### Activity
Give all the lines below again, exactly, with no pictures.

### Data provided
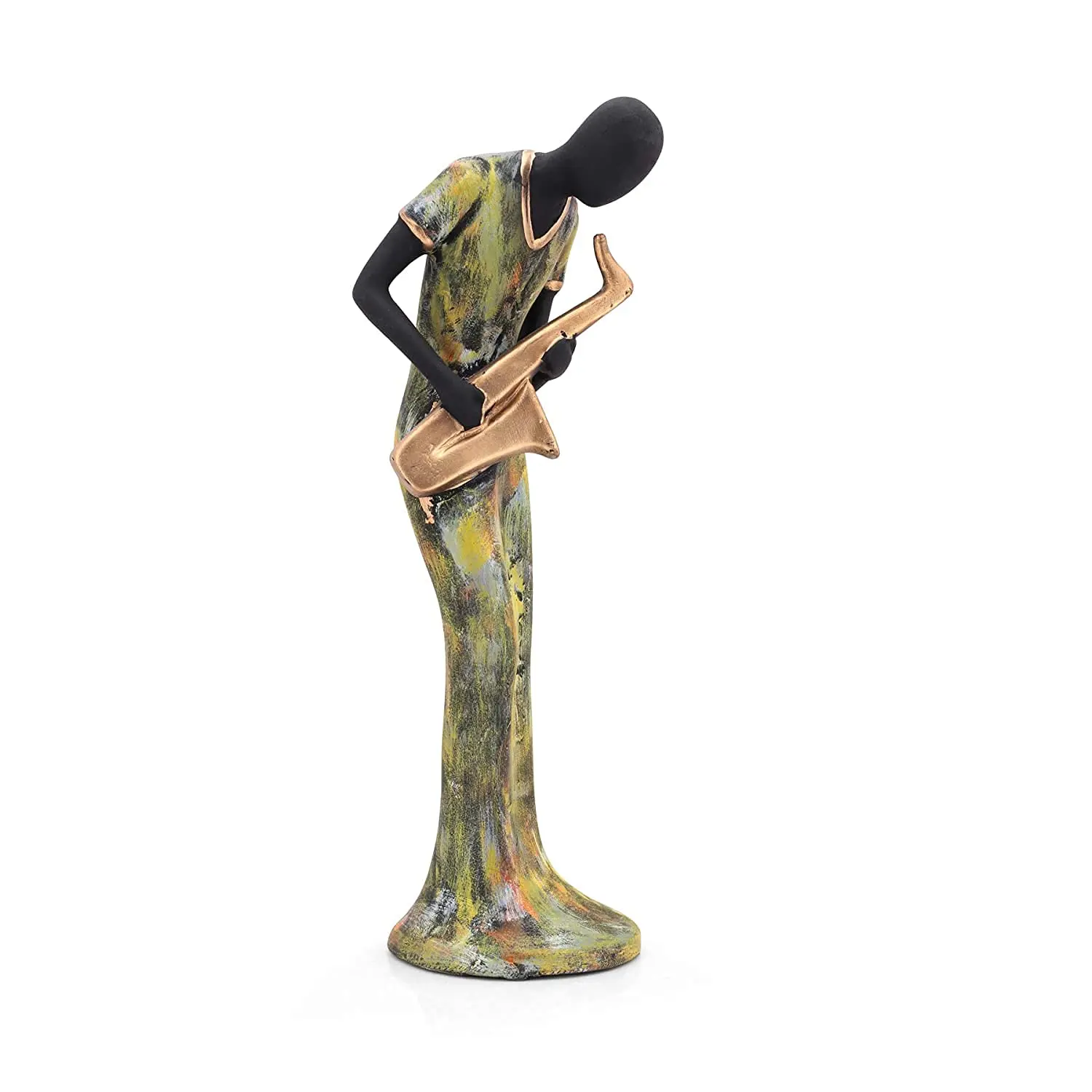 A Fusion of Modern & Tribal Art These figurines stand out due to their unique silhouette. The elongated limbs and fluid curves draw inspiration from Modern Abstract Art and traditional African Tribal Sculptures. The choice to make the figures faceless (with smooth black heads) is intentional—it universalizes the musicians, allowing you to imagine the intense focus and emotion on their faces as they play their gold-hued instruments.
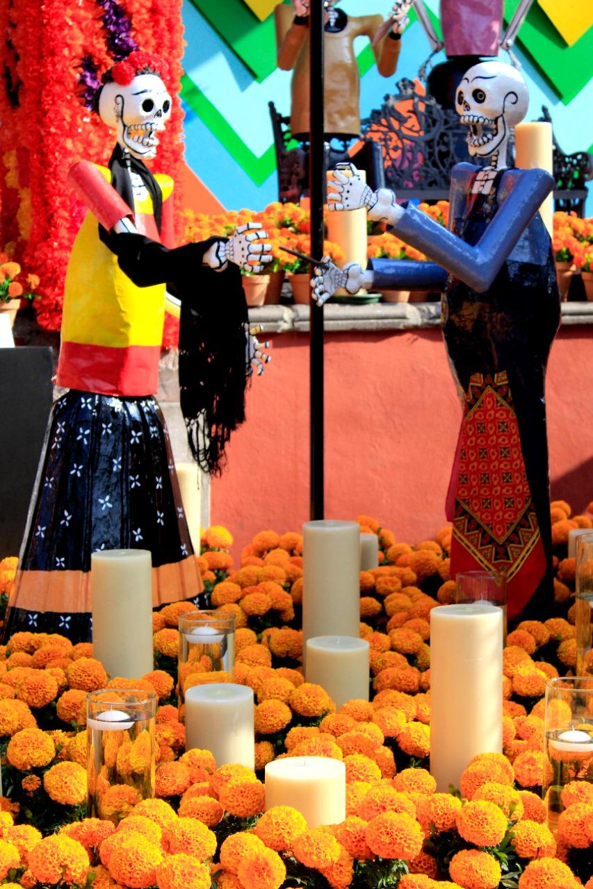 Las obras estarán a cargo del maestro José San Martín García, originario de Coyoacán, dedicado a la cartonería y reconocido a nivel internacional por su trabajo. Además, la ofrenda contará en su altar con elementos fundamentales en su composición como flores de cempasúchil, papel picado, veladoras, copal, incienso, agua, comida y fotografías.
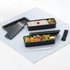 ■大人も子供も使いやすい!ハシ付きのお弁当箱 汁もれしにくいシンプルデザインのお弁当箱。フタの端を押すと簡単にフタが開いてハシが取り出せます。2段式です。食洗器対応。

### Task answer
 A Fusion of Modern & Tribal Art These figurines stand out due to their unique silhouette. The elongated limbs and fluid curves draw inspiration from Modern Abstract Art and traditional African Tribal Sculptures. The choice to make the figures faceless (with smooth black heads) is intentional—it universalizes the musicians, allowing you to imagine the intense focus and emotion on their faces as they play their gold-hued instruments.
 Las obras estarán a cargo del maestro José San Martín García, originario de Coyoacán, dedicado a la cartonería y reconocido a nivel internacional por su trabajo. Además, la ofrenda contará en su altar con elementos fundamentales en su composición como flores de cempasúchil, papel picado, veladoras, copal, incienso, agua, comida y fotografías.
 ■大人も子供も使いやすい!ハシ付きのお弁当箱 汁もれしにくいシンプルデザインのお弁当箱。フタの端を押すと簡単にフタが開いてハシが取り出せます。2段式です。食洗器対応。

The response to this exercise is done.